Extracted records
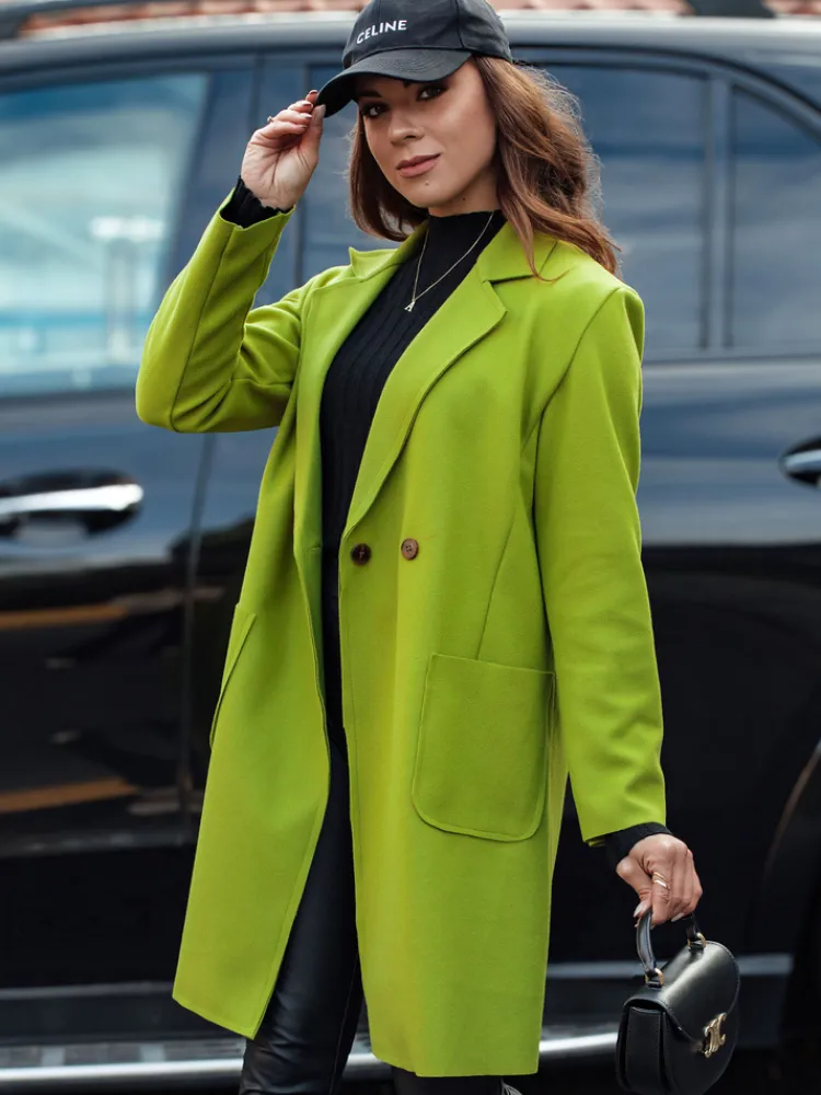 Stylowy płaszcz zaprojektowany z myślą o kobietach ceniących elegancję i ponadczasowy wygląd. Dopracowane detale, takie jak dwurzędowe zapięcie i praktyczne kieszenie, sprawiają, że ten model idealnie pasuje na chłodniejsze dni. Płaszcz doskonale komponuje się z casualowymi stylizacjami, nadając im wyrafinowanego charakteru.
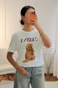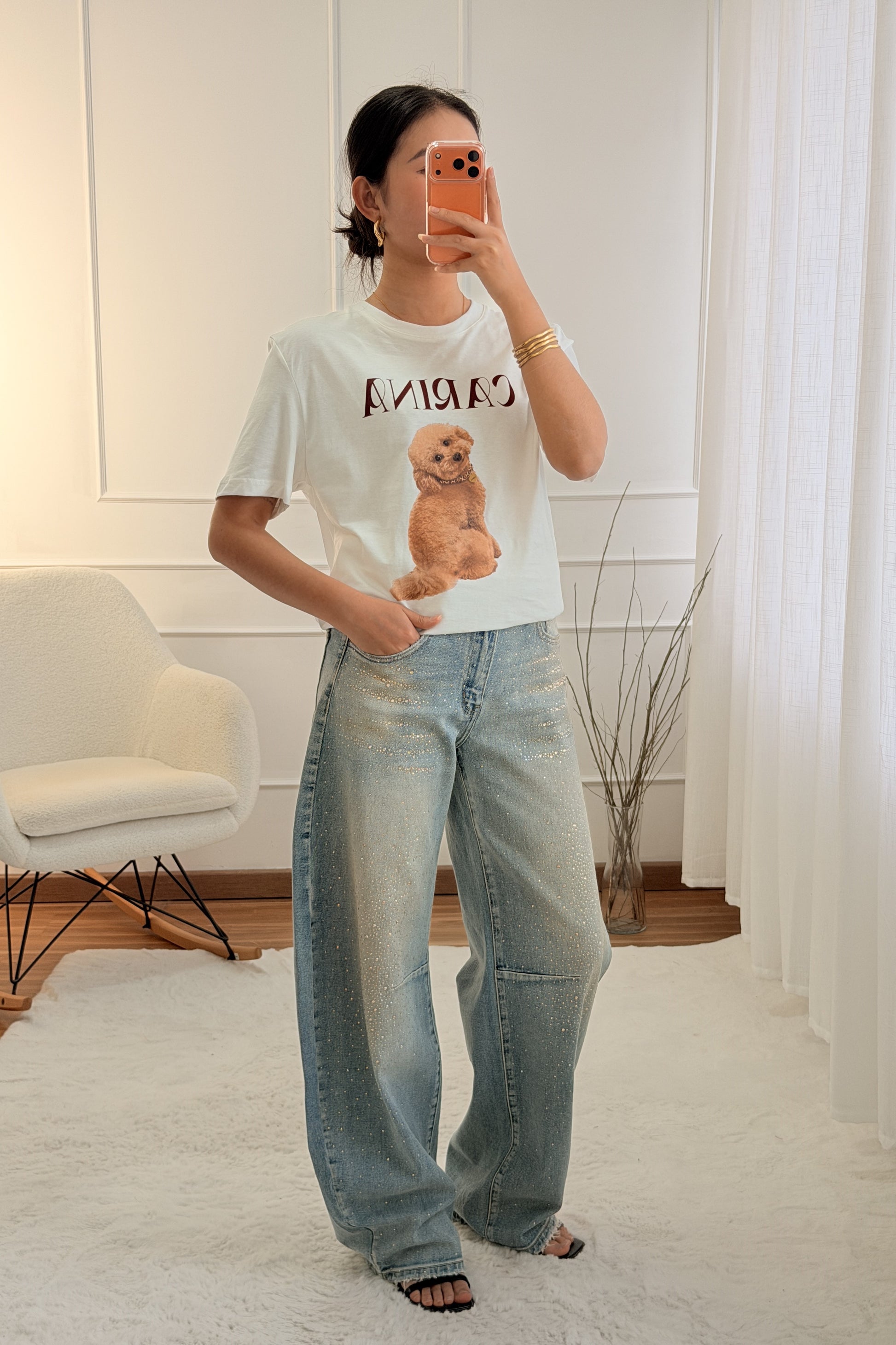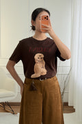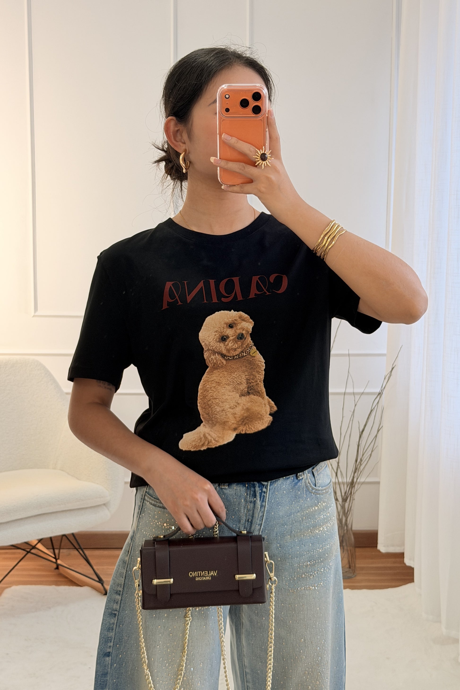 Com uma estampa fofa de cãozinho e corte descontraído, é perfeita para o dia-a-dia e combina com todos os tipos de casacos — desde blazers até jaquetas ou sobretudos.
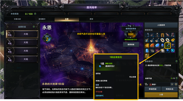 装备等级600之后的混沌地牢会随机掉落沉默回廊的门票,通过门票才可以进入首领狂潮。最后结算奖励箱子的时候,开启箱子就能获得宝石。
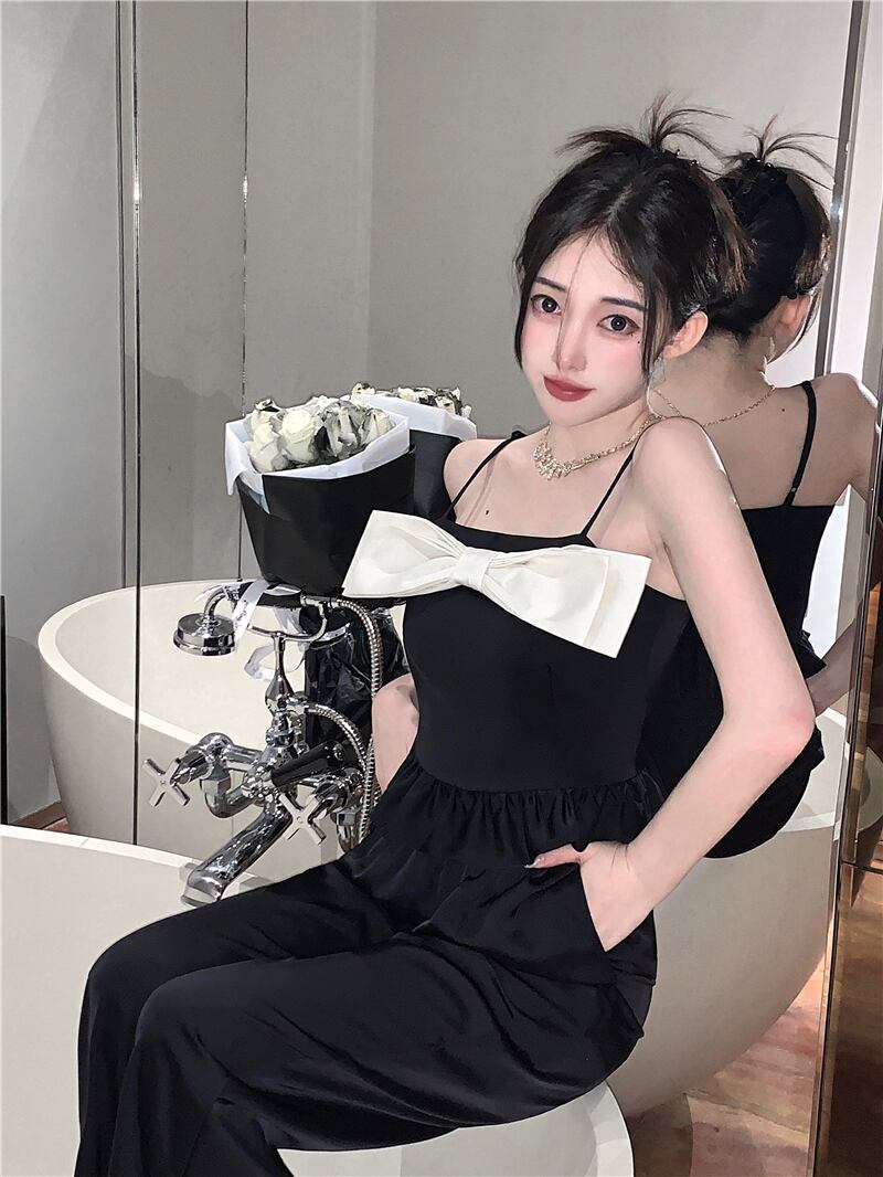 Chic bow camisole women's outer wear summer 2022 new sexy slim slimming back short top ショート リボン サマー 夏物 スリム 0921972331215488
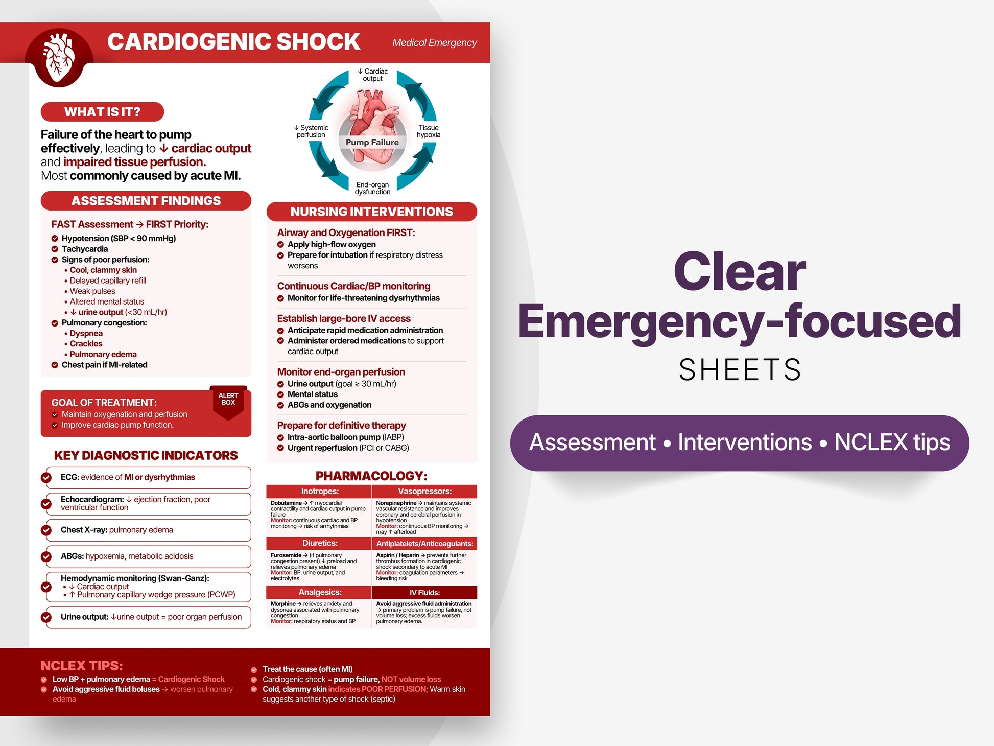 ✔ 10 Cardiovascular emergencies sheets + Bonus high-yield nursing topics
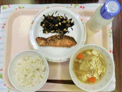 献立は、麦ごはん、さけの南部焼き、ひじきの五目煮、豚汁、牛乳です。
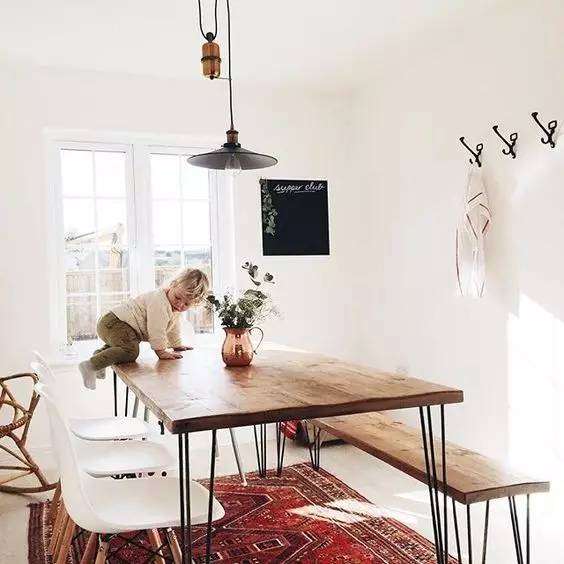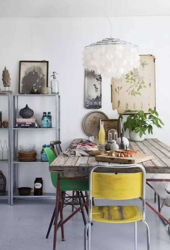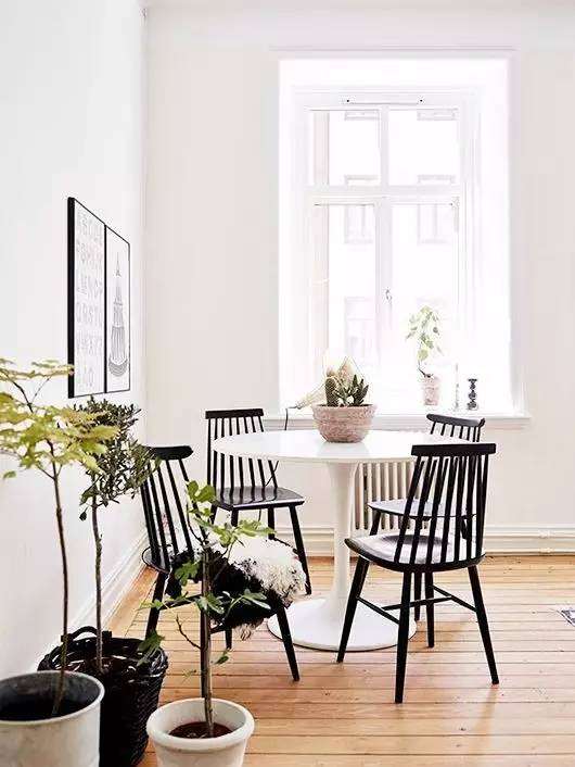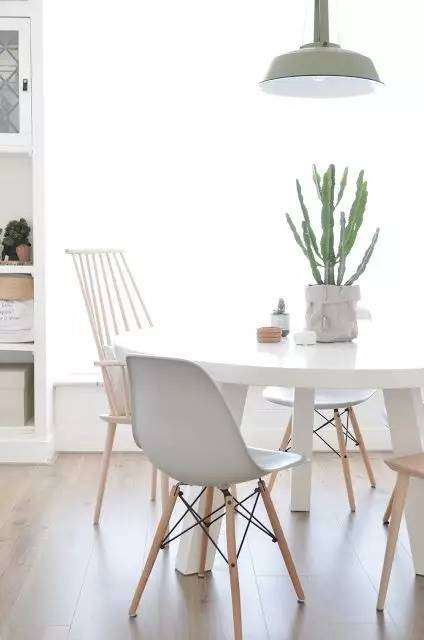 只要不要上面馬爸爸的那樣的全套好了。哪怕淘張舊的實木桌,再像下面這樣配上白色溫莎椅,效果也比上面的“清奇”畫風好很多好嘛!

- [TASK DESCRIPTION] Make an exact copy of the records from their first line through the line containing "high-yield nursing topics", both ends included, with the pictures omitted.

- [WRITTEN SOLUTION]
 Stylowy płaszcz zaprojektowany z myślą o kobietach ceniących elegancję i ponadczasowy wygląd. Dopracowane detale, takie jak dwurzędowe zapięcie i praktyczne kieszenie, sprawiają, że ten model idealnie pasuje na chłodniejsze dni. Płaszcz doskonale komponuje się z casualowymi stylizacjami, nadając im wyrafinowanego charakteru.
 Com uma estampa fofa de cãozinho e corte descontraído, é perfeita para o dia-a-dia e combina com todos os tipos de casacos — desde blazers até jaquetas ou sobretudos.
 装备等级600之后的混沌地牢会随机掉落沉默回廊的门票,通过门票才可以进入首领狂潮。最后结算奖励箱子的时候,开启箱子就能获得宝石。
 Chic bow camisole women's outer wear summer 2022 new sexy slim slimming back short top ショート リボン サマー 夏物 スリム 0921972331215488
 ✔ 10 Cardiovascular emergencies sheets + Bonus high-yield nursing topics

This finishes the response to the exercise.